In the temporal network (Figure 20.5 (c)), the arrows represent the direction of influence between self-regulated learning (SRL) constructs over time i.e., from a day to the next. The strongest positive influence is between evaluating and control (0.02), suggesting that social interactions is followed by effort next day which could be a boost or simply that student catches up next day of socializing. There is a feedback loop between planning and social (each 0.01), indicating socially-shared regulation. There is a negative influence of organizing on monitoring (-0.02), where these two activities occur in that order.

plotting(GraphVAR_all$betweenNet, minimum = 0.05)
plotting(GraphVAR_all$fixedPCC, minimum = 0.05)
plotting(GraphVAR_all$fixedPDC, minimum = 0.01)

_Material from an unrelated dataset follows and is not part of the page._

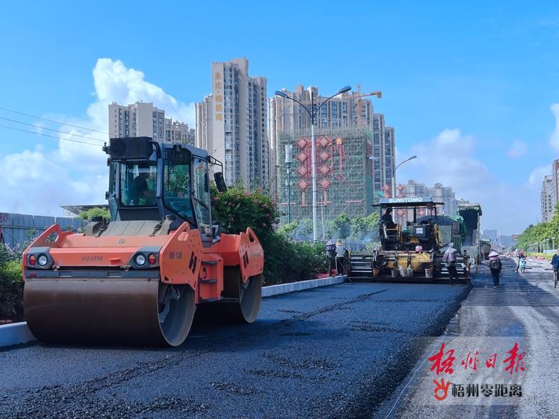 9月11日,在蒼海大道,施工人員和車輛正在鋪設瀝青路面。梧州日報記者 李鴻榮 攝
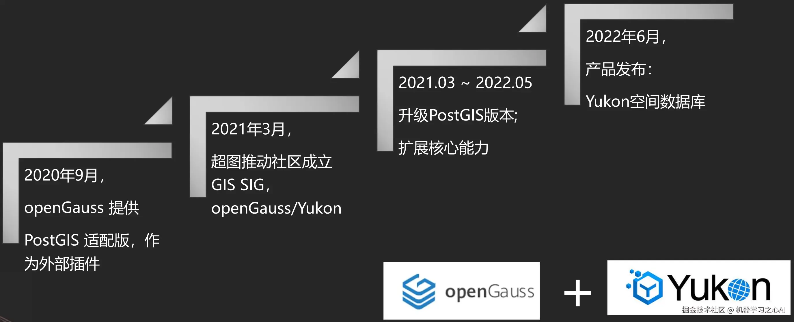 YuKon(禹贡)是基于华为openGauss数据库的,在2020年9月,openGauss提供了PostGIS的适配,作为空间数据库管理的外部插件。2021年3月,在超图的推动下,社区成立了GIS SIG,openGauss/YuKon。从2021年3月到2022年5月,一直在升级PostGIS版本,扩展空间管理的核心能力。2022年6月,超图集团在第五届GIS软件技术大会正式发布YuKon空间数据库。YuKon开源库地址:openGauss/Yukon

3.4.2 Plotting and interpreting subject level networks

To plot each individual student network, we can use GraphVAR_all$subjectPCC[[i]] and GraphVAR_all$subjectPCC[[i]] to get the contemporaneous and temporal networks respectively, we can also get their names by using GraphVAR_all$ids[[i]] and use the plotting function to plot them. In the code below, we choose randomly five students numbered from 20 to 24 and plot their networks (Figure 20.6). Of course, you can plot the whole dataset by setting the loop to iterate from 1:36 (the number of unique students in the data). The interpretation is similar, but in this case, Judy’s network represents only Judy and cannot be generalized to anyone else. So is the case for Karin, Lars, Layla, and Li. Please note also the vast differences between these students. Each and every network is rather different.

for (i in 20:24) {
  # Apply plotting to subjectPCC and subjectPDC
  plotting(GraphVAR_all$subjectPCC[[i]], minimum = 0.05, 
           title = paste("Contemporaneous network for ", GraphVAR_all$ids[[i]]))
  plotting(GraphVAR_all$subjectPDC[[i]], minimum = 0.05, 
           title = paste("Temporal network for ", GraphVAR_all$ids[[i]]))
}

**Figure** 6. Plotting the PCC and PDC individual student networks

3.5 Unified Structural Equation Modeling (uSEM)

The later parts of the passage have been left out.